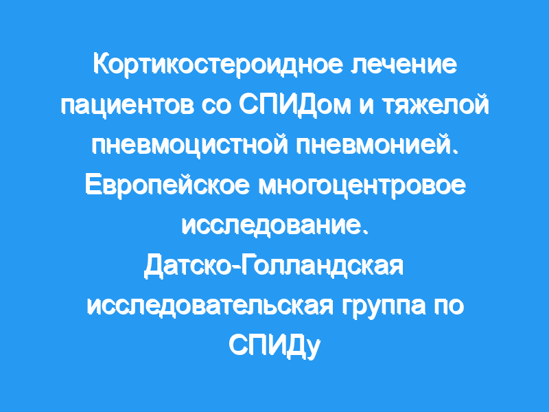 Критериями включения были PaO2 <, 9,0 кПа (67,5 мм рт.ст.) и/или PaCO2 <, 4,0 кПа (30,0 мм рт. ст.). Во время острого эпизода PCP девять (31%) из 29 пациентов контрольной группы умерли по сравнению с тремя (10%) из 30 пациентов с CS, p = 0,01. Искусственная вентиляция легких была необходима 15 пациентам, 12 (41%) в контрольной группе и трем (10%) в группе КС, р = 0,01. 90-дневная выживаемость составила 69% у пациентов, получавших только котримоксазол, по сравнению с 87% у пациентов, получавших дополнительный КС, р = 0,07. Основываясь на этих данных, мы пришли к выводу, что дополнительная КС-терапия при ПКП средней и тяжелой степени у больных СПИДом снижает острую смертность и потребность в искусственной вентиляции легких.
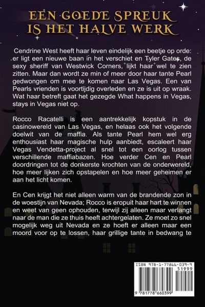 ¿¿¿¿¿ Cendrine West heeft haar leven eindelijk een beetje op orde: er ligt een nieuwe baan in het verschiet en Tyler Gates, de sexy sheriff van Westwick Corners, lijkt haar wel te zien zitten. Maar dan wordt ze min of meer door haar tante Pearl gedwongen om mee te komen naar Las Vegas. Een van Pearls vrienden is voortijdig overleden en ze is uit op wraak. Wat haar betreft gaat het gezegde What happens in Vegas, stays in Vegas niet op. Rocco Racatelli is een aantrekkelijk kopstuk in de casinowereld van Las Vegas, en helaas ook het volgende doelwit van de maffia. Als tante Pearl hem wel erg enthousiast haar magische hulp aanbiedt, escaleert haar Vegas Vendetta-project al snel tot een oorlog tussen verschillende maffiabazen. Hoe verder Cen en Pearl doordringen tot de donkerste krochten van de onderwereld, hoe meer lijken zich opstapelen en hoe meer geheimen er aan het licht komen. En Cen krijgt het niet alleen warm van de brandende zon in de woestijn van Nevada; Rocco is eropuit haar hart te winnen en weet van geen ophouden, terwijl zij alleen maar verlangt naar de man die ze thuis heeft achtergelaten. Ze moet zo snel mogelijk weg uit Nevada en ze hoeft er alleen maar een moord voor op te lossen, haar grillige tante in bedwang te houden en het tegen de maffia van Las Vegas op te nemen. Een eitje, dus... Als georganiseerde misdaad in aanraking komt met ongeorganiseerde heksen, maak je borst dan maar nat. Zal Cen erin slagen alles tot een goed einde te brengen? Je leest het in het tweede deel van de serie 'De heksen van Westwick'.
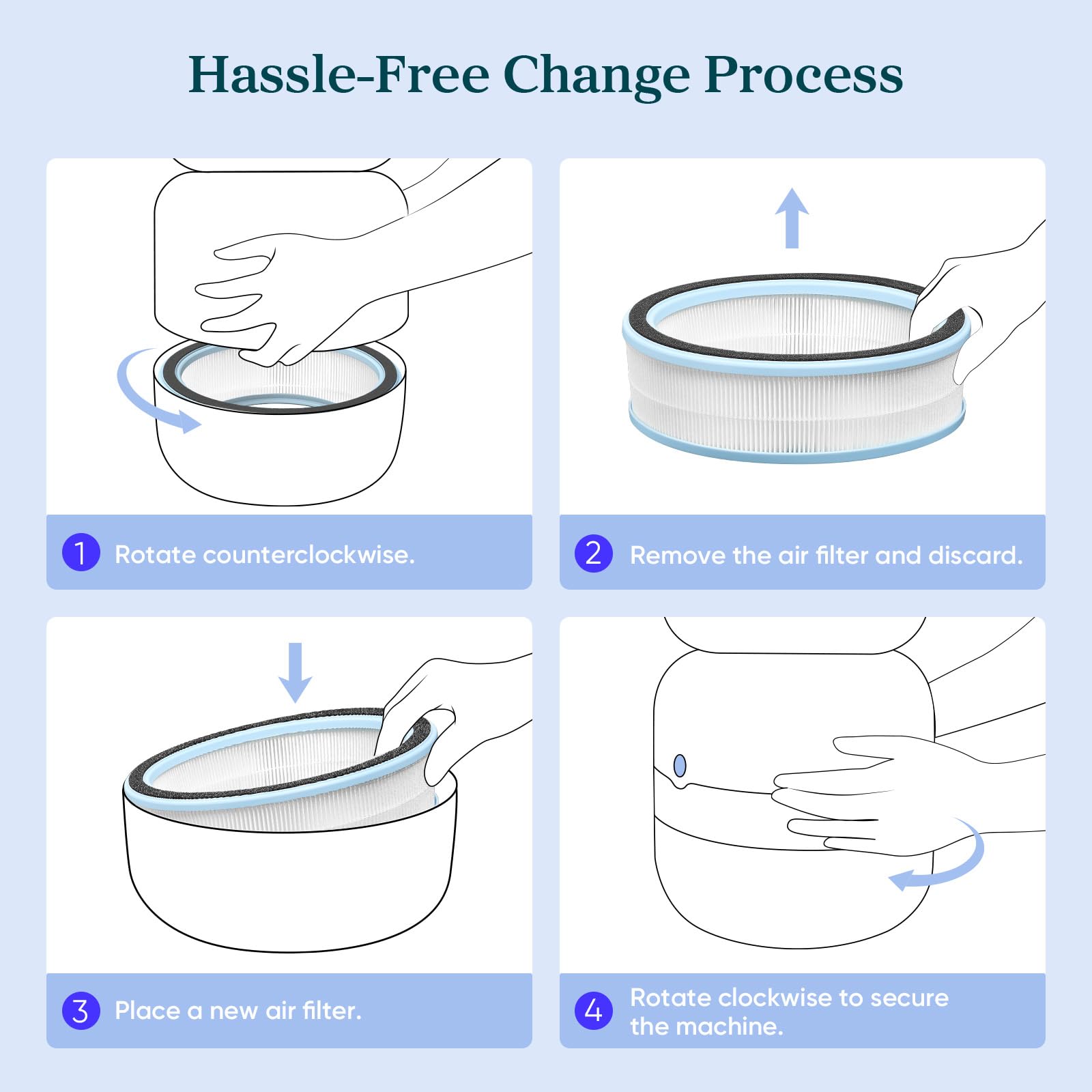 𝗙𝗶𝗹𝘁𝗲𝗿 𝗥𝗲𝗺𝗶𝗻𝗱𝗲𝗿: The VeSync App provides real-time updates on filter life and will remind you when it's time for a replacement, ensuring hassle-free maintenance for busy parents
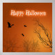 Eine Silhouette Halloween-Illustration: Spooky Schwarze Fledermäuse und gruselige Bäume mit einem trickreichen "Happy Halloween" Gruß auf einem mystischen Hintergrund.
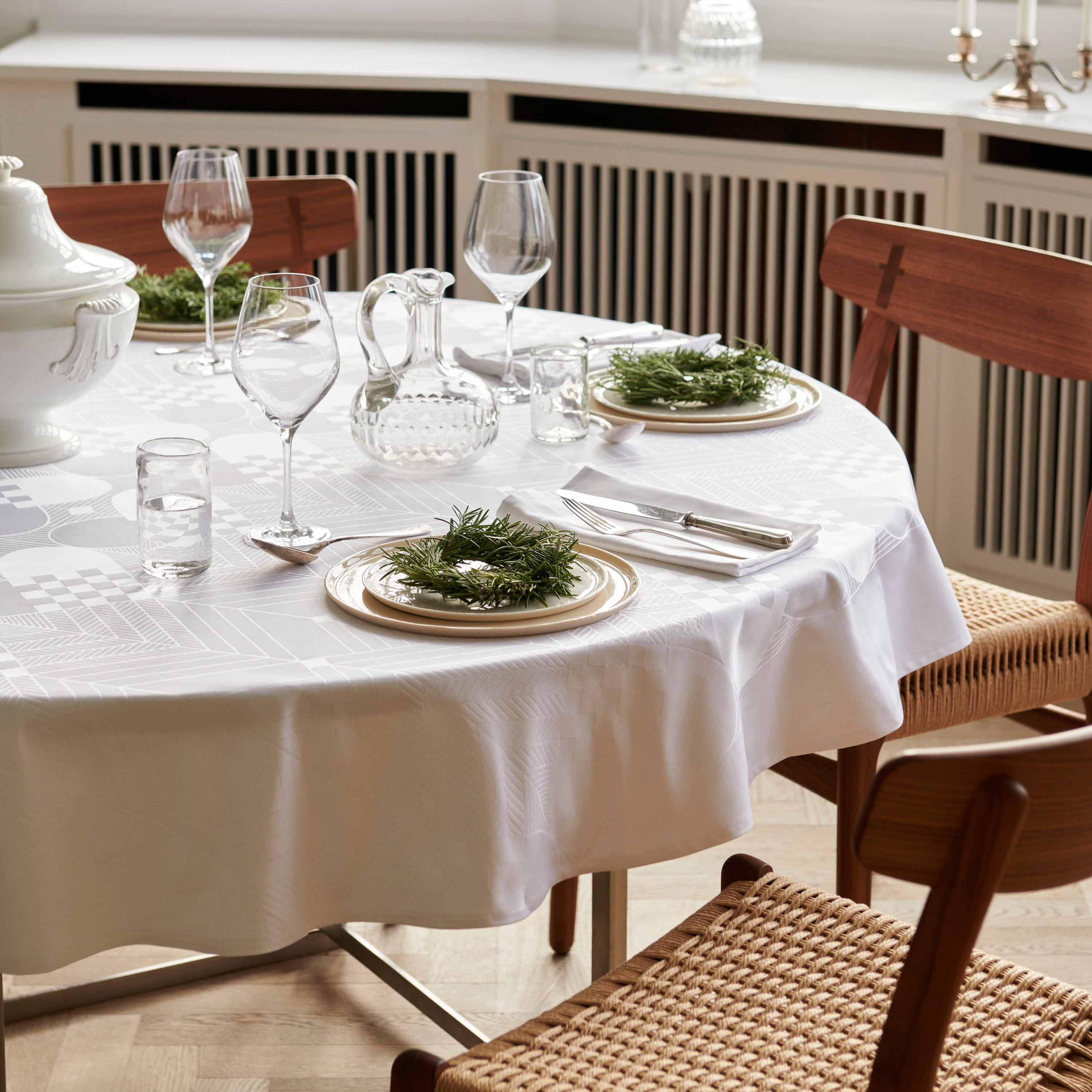I den vita varianten framträder det ikoniska mönstret mot en vacker snövit bakgrund som gör duken till ett tidlöst inslag i dukningen. En elegant duk som kan kombineras med pynt i många olika färger eller hållas helt klassisk och minimalistisk.
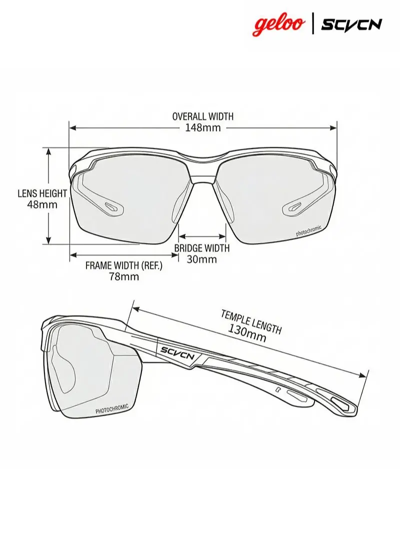 These professional photochromic sports sunglasses are designed for performance, protection, comfort, and versatility. Weighing approximately 27g, they are ultra-lightweight for all-day comfort. Made from PC lenses & PC frame, they offer durability and style.
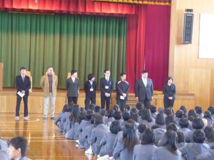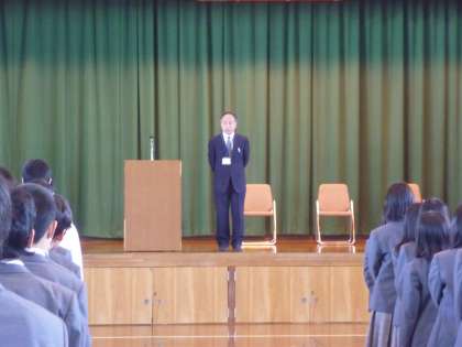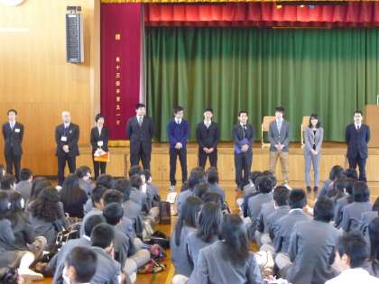 続いて始業式では、校長先生の挨拶があり、「人権感覚」を磨く大切さを話されました。特に、自分とは個性も考え方もちがった他人を認め合うことの必要性を強調されました。また、読書をすることで「考える力や想像する力」を育ててほしいことも話されました。その後、担任・副担任・部活動顧問が発表され、生徒たちから歓声があがっていました。
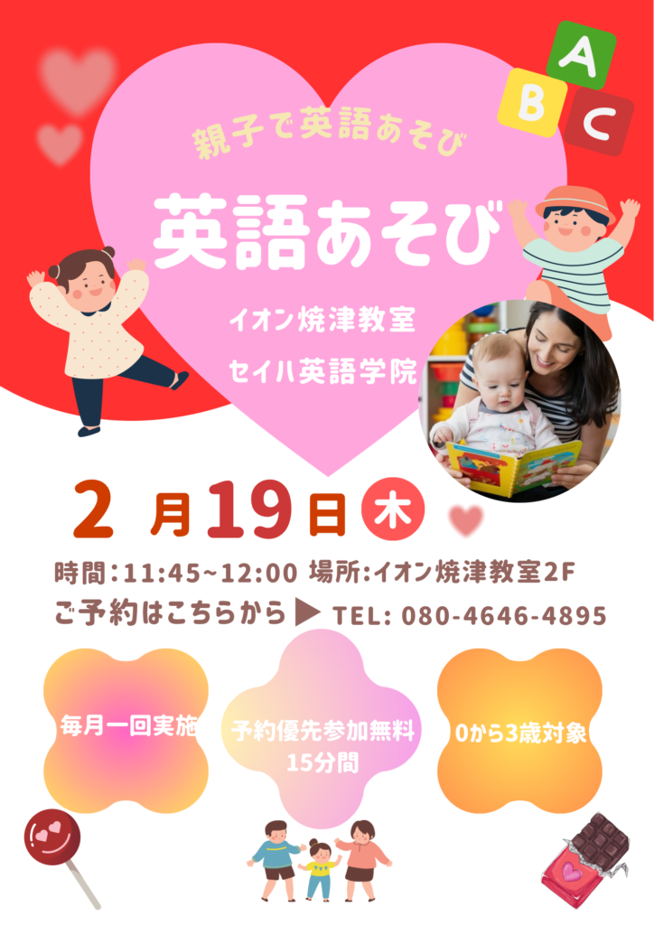 イオン焼津教室です!2月の英語あそびは2/19(木曜日)の11:45〜12:00に行います♡
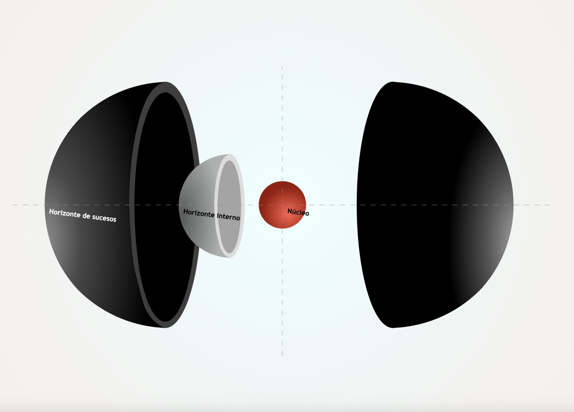 Esquema de la estructura estática de un agujero negro esféricamente simétrico. Créditos: Raúl Carballo-Rubio (IAA-CSIC)
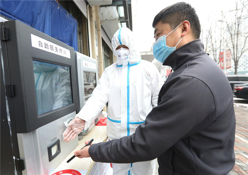 在固安縣新昌街百川燃?xì)鉅I業(yè)點(diǎn),社區(qū)代辦員通過自助終端設(shè)備為群眾代買天然氣(央廣網(wǎng)發(fā) 門叢碩 攝)

·····

Work order |
How would the lines above read from the one with "heksen van Westwick'." to the one with "Eine Silhouette Halloween-Illustration: Spooky", inclusive, with no pictures? Write them out exactly.

Task output |
 ¿¿¿¿¿ Cendrine West heeft haar leven eindelijk een beetje op orde: er ligt een nieuwe baan in het verschiet en Tyler Gates, de sexy sheriff van Westwick Corners, lijkt haar wel te zien zitten. Maar dan wordt ze min of meer door haar tante Pearl gedwongen om mee te komen naar Las Vegas. Een van Pearls vrienden is voortijdig overleden en ze is uit op wraak. Wat haar betreft gaat het gezegde What happens in Vegas, stays in Vegas niet op. Rocco Racatelli is een aantrekkelijk kopstuk in de casinowereld van Las Vegas, en helaas ook het volgende doelwit van de maffia. Als tante Pearl hem wel erg enthousiast haar magische hulp aanbiedt, escaleert haar Vegas Vendetta-project al snel tot een oorlog tussen verschillende maffiabazen. Hoe verder Cen en Pearl doordringen tot de donkerste krochten van de onderwereld, hoe meer lijken zich opstapelen en hoe meer geheimen er aan het licht komen. En Cen krijgt het niet alleen warm van de brandende zon in de woestijn van Nevada; Rocco is eropuit haar hart te winnen en weet van geen ophouden, terwijl zij alleen maar verlangt naar de man die ze thuis heeft achtergelaten. Ze moet zo snel mogelijk weg uit Nevada en ze hoeft er alleen maar een moord voor op te lossen, haar grillige tante in bedwang te houden en het tegen de maffia van Las Vegas op te nemen. Een eitje, dus... Als georganiseerde misdaad in aanraking komt met ongeorganiseerde heksen, maak je borst dan maar nat. Zal Cen erin slagen alles tot een goed einde te brengen? Je leest het in het tweede deel van de serie 'De heksen van Westwick'.
 𝗙𝗶𝗹𝘁𝗲𝗿 𝗥𝗲𝗺𝗶𝗻𝗱𝗲𝗿: The VeSync App provides real-time updates on filter life and will remind you when it's time for a replacement, ensuring hassle-free maintenance for busy parents
 Eine Silhouette Halloween-Illustration: Spooky Schwarze Fledermäuse und gruselige Bäume mit einem trickreichen "Happy Halloween" Gruß auf einem mystischen Hintergrund.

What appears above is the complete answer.